Your instructions: Print the whole listing again exactly as it stands, leaving out any images.

Extracted material:
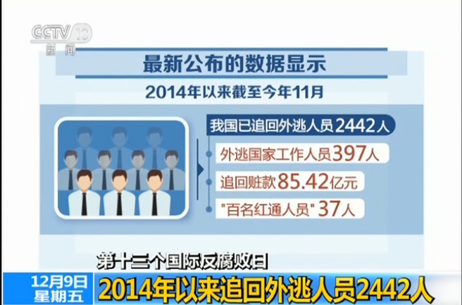中央反腐敗協(xié)調小組國際追逃追贓工作辦公室最新公布的數(shù)據(jù)顯示,2014年以來,截至今年11月,我國已追回外逃人員2442人,其中外逃國家工作人員397人,追回贓款85.42億元,“百名紅通人員“37人。
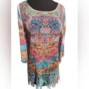 Alushkaby Sienna Roge top Tunic style with fringe design in the bottom, it's see through
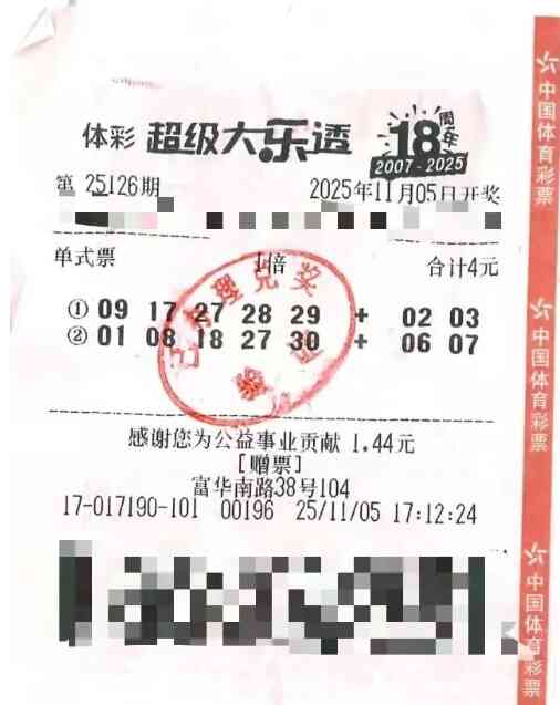 幸运降临东莞 赠票活动中出大乐透一等奖
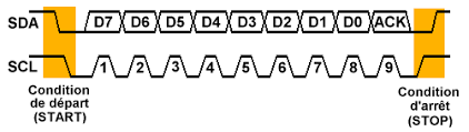 Remarque : dans le cas particulier d'utilisation d'ACK, l'écriture d'un octet dans certains composants (Mémoires, microcontrôleur, ...) peut prendre un certain temps. Il est donc possible que le maître soit obligé d'attendre l’acquittement ACK avant de passer à la suite.
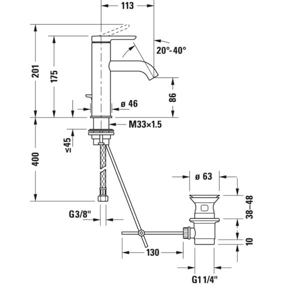 Смеситель для раковины без донного клапана Duravit C.1 C11020002010
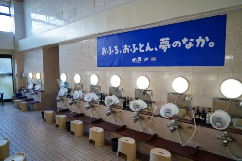 浴場・洗い場エリア:ポスターや鏡面シールで展開
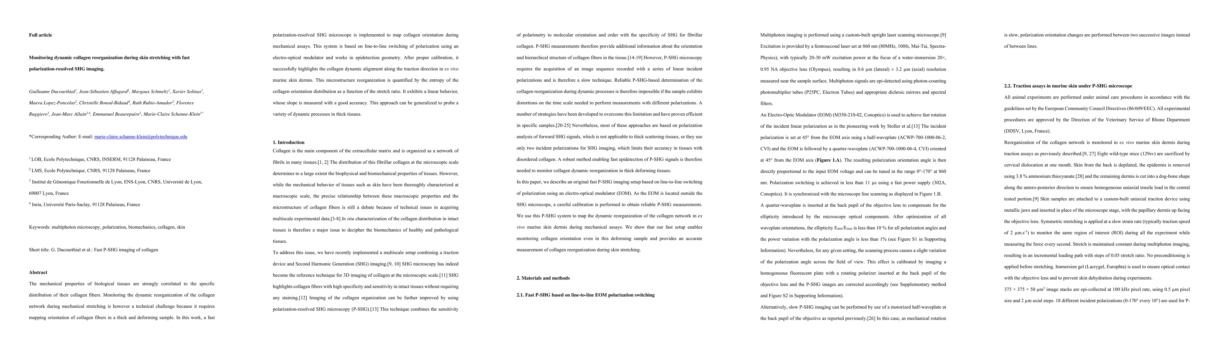 The mechanical properties of biological tissues are strongly correlated to the specific distribution of their collagen fibers. Monitoring the dynamic reorganization of the collagen network during mechanical stretching is however a technical challenge because it requires mapping orientation of collagen fibers in a thick and deforming sample. In this work, a fast polarization-resolved SHG microscope is implemented to map collagen orientation during mechanical assays. This system is based on line-to-line switching of polarization using an electro-optical modulator and works in epidetection geometry. After proper calibration, it successfully highlights the collagen dynamic alignment along the traction direction in ex vivo murine skin dermis. This microstructure reorganization is quantified by the entropy of the collagen orientation distribution as a function of the stretch ratio. It exhibits a linear behavior, whose slope is measured with a good accuracy. This approach can be generalized to probe a variety of dynamic processes in thick tissues.

Your response:
中央反腐敗協(xié)調小組國際追逃追贓工作辦公室最新公布的數(shù)據(jù)顯示,2014年以來,截至今年11月,我國已追回外逃人員2442人,其中外逃國家工作人員397人,追回贓款85.42億元,“百名紅通人員“37人。
 Alushkaby Sienna Roge top Tunic style with fringe design in the bottom, it's see through
 幸运降临东莞 赠票活动中出大乐透一等奖
 Remarque : dans le cas particulier d'utilisation d'ACK, l'écriture d'un octet dans certains composants (Mémoires, microcontrôleur, ...) peut prendre un certain temps. Il est donc possible que le maître soit obligé d'attendre l’acquittement ACK avant de passer à la suite.
 Смеситель для раковины без донного клапана Duravit C.1 C11020002010
 浴場・洗い場エリア:ポスターや鏡面シールで展開
 The mechanical properties of biological tissues are strongly correlated to the specific distribution of their collagen fibers. Monitoring the dynamic reorganization of the collagen network during mechanical stretching is however a technical challenge because it requires mapping orientation of collagen fibers in a thick and deforming sample. In this work, a fast polarization-resolved SHG microscope is implemented to map collagen orientation during mechanical assays. This system is based on line-to-line switching of polarization using an electro-optical modulator and works in epidetection geometry. After proper calibration, it successfully highlights the collagen dynamic alignment along the traction direction in ex vivo murine skin dermis. This microstructure reorganization is quantified by the entropy of the collagen orientation distribution as a function of the stretch ratio. It exhibits a linear behavior, whose slope is measured with a good accuracy. This approach can be generalized to probe a variety of dynamic processes in thick tissues.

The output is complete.